**What you should do:**
Taking the line with "Crossing the tranquil" as the first, copy every line through the end of the records below exactly. Do not include pictures.

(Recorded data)
BEGIN
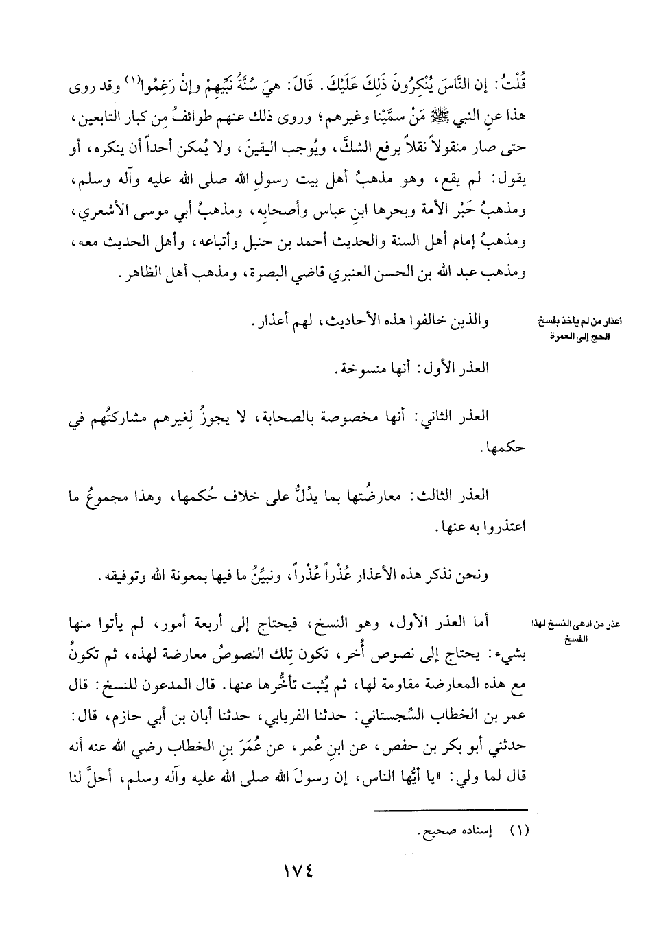 [أَعْذَارُ مَنْ لَمْ يَأْخُذْ بِفَسْخِ الْحَجِّ إِلَى الْعُمْرَةِ]
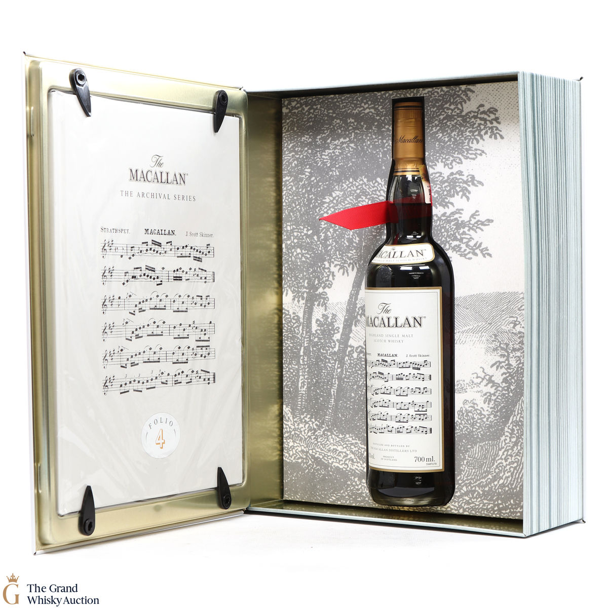 The fourth edition in the Archival Series from The Macallan. Folio 4 remembers the legendary advertising campaigns of the 1970s, 1980s and 1990s that brought The Macallan to the public’s attention outside of Scotland. It is presented in a beautiful book shaped, tin case. It features an advertisement including a Strathspey composed by James Scott Skinner (1843-1927). The advert notes that Skinner was so moved by his favourite malt he created a unique piece of music featuring his signature lilting notes with the simple catchphrase: “The Macallan. The Malt.”
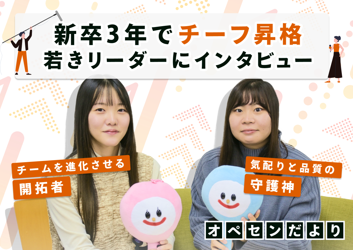 今回は、新卒入社から 3 年というスピードで、トレーナー(主任クラス)からチーフ(係長クラス)に昇格されたみやさん、おさよさんの 2 名にインタビューをしました。
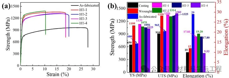 图4 (a)不同热处理条件下IN718室温应力-应变曲线和 (b) 拉伸性能对比图
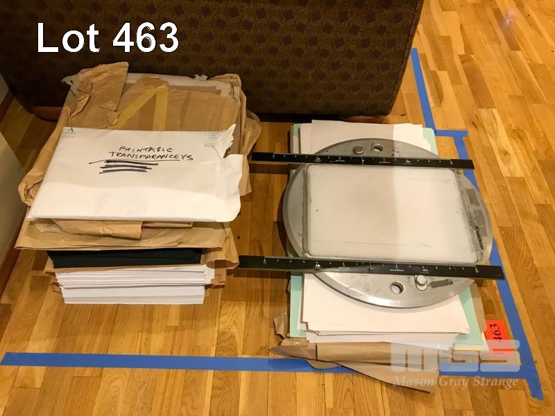 TRADITIONAL 2D ANIMATION ADJUSTABLE PEG BAR DRAWING DISC. LOT INCLUDES SELECTION OF ACETATE CELS, AND PRE-PUNCHED ANIMATION PAPER. PRISTINE GREEN "ANIFEX" CEL FOLDERS AND PRE-PUNCHED BLACK PAPER CELS
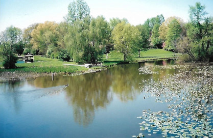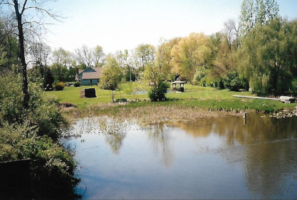 Crossing the tranquil and beautiful Red Millpond, a lake created by the River Raisin in 1907 with the construction of the Tecumseh Dam. This was Milepost 11.5.
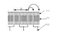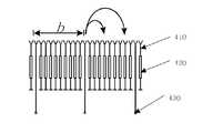 도 4a 내지 4c 는 종래의 주름진 도파관 배열 구조도이다. 주름진 도파관 배열 구조는, 도 4a 및 4b 에 도시된 바와 같이, 외부에서 입력되는 신호를 수신하는 배열 소자(410, 411), 리액티브 임피던스(reactive impedance)를 갖고 상기 배열 소자(410, 411)에 반사 터미네이션(reflective termination)의 기능을 하는 리액티브 부하(420, 421)를 포함한다. 여기서, 단지 몇 개의 배열 소자만 위상 제어 소자에 직접 연결되고, 나머지 대부분의 방사 소자는 리액티브 부하에 연결된다. 이러한 리액티브 부하가 부착된 수동 방사 소자에서의 방사는 위상 제어 소자에 직접 연결된 능동 방사 소자와의 상호결합 및 리액티브 부하의 반사에 의해 이루어지며, 도 4a 및 4b 에 하나의 반복단위(b)에서 이루어지는 반사 과정이 도시되어 있다. 한편, 도 4c 에는 리액티브 부하를 위해 다양한 도파관 길이를 갖는 주름진 배열 구조가 도시되어 있다. FTEP 형성을 위해서는 필요에 따라 더욱 충분한 결합이 요구되는데, 이를 위해 개구면 위에 추가 수동 산란체를 설치할 수 있다. 그러나 이러한 반사적 부하 배열 구조, 즉 주름진 도파관 구조를 이용한 배열 구조는, 안테나 소자 배열 간격이 0.7 내지 0.85λ 이므로 위상 천이기가 다수개 필요하고, 3% 이상의 배열 안테나 설계가 불가능하며, 부피가 큰 것과 동시에 무게도 무거우며, 시스템 가격이 높은 문제점이 있다.4A-4C are conventional corrugated waveguide arrangements. The corrugated waveguide array structure has
END
**The completed task:**
 Crossing the tranquil and beautiful Red Millpond, a lake created by the River Raisin in 1907 with the construction of the Tecumseh Dam. This was Milepost 11.5.
 도 4a 내지 4c 는 종래의 주름진 도파관 배열 구조도이다. 주름진 도파관 배열 구조는, 도 4a 및 4b 에 도시된 바와 같이, 외부에서 입력되는 신호를 수신하는 배열 소자(410, 411), 리액티브 임피던스(reactive impedance)를 갖고 상기 배열 소자(410, 411)에 반사 터미네이션(reflective termination)의 기능을 하는 리액티브 부하(420, 421)를 포함한다. 여기서, 단지 몇 개의 배열 소자만 위상 제어 소자에 직접 연결되고, 나머지 대부분의 방사 소자는 리액티브 부하에 연결된다. 이러한 리액티브 부하가 부착된 수동 방사 소자에서의 방사는 위상 제어 소자에 직접 연결된 능동 방사 소자와의 상호결합 및 리액티브 부하의 반사에 의해 이루어지며, 도 4a 및 4b 에 하나의 반복단위(b)에서 이루어지는 반사 과정이 도시되어 있다. 한편, 도 4c 에는 리액티브 부하를 위해 다양한 도파관 길이를 갖는 주름진 배열 구조가 도시되어 있다. FTEP 형성을 위해서는 필요에 따라 더욱 충분한 결합이 요구되는데, 이를 위해 개구면 위에 추가 수동 산란체를 설치할 수 있다. 그러나 이러한 반사적 부하 배열 구조, 즉 주름진 도파관 구조를 이용한 배열 구조는, 안테나 소자 배열 간격이 0.7 내지 0.85λ 이므로 위상 천이기가 다수개 필요하고, 3% 이상의 배열 안테나 설계가 불가능하며, 부피가 큰 것과 동시에 무게도 무거우며, 시스템 가격이 높은 문제점이 있다.4A-4C are conventional corrugated waveguide arrangements. The corrugated waveguide array structure has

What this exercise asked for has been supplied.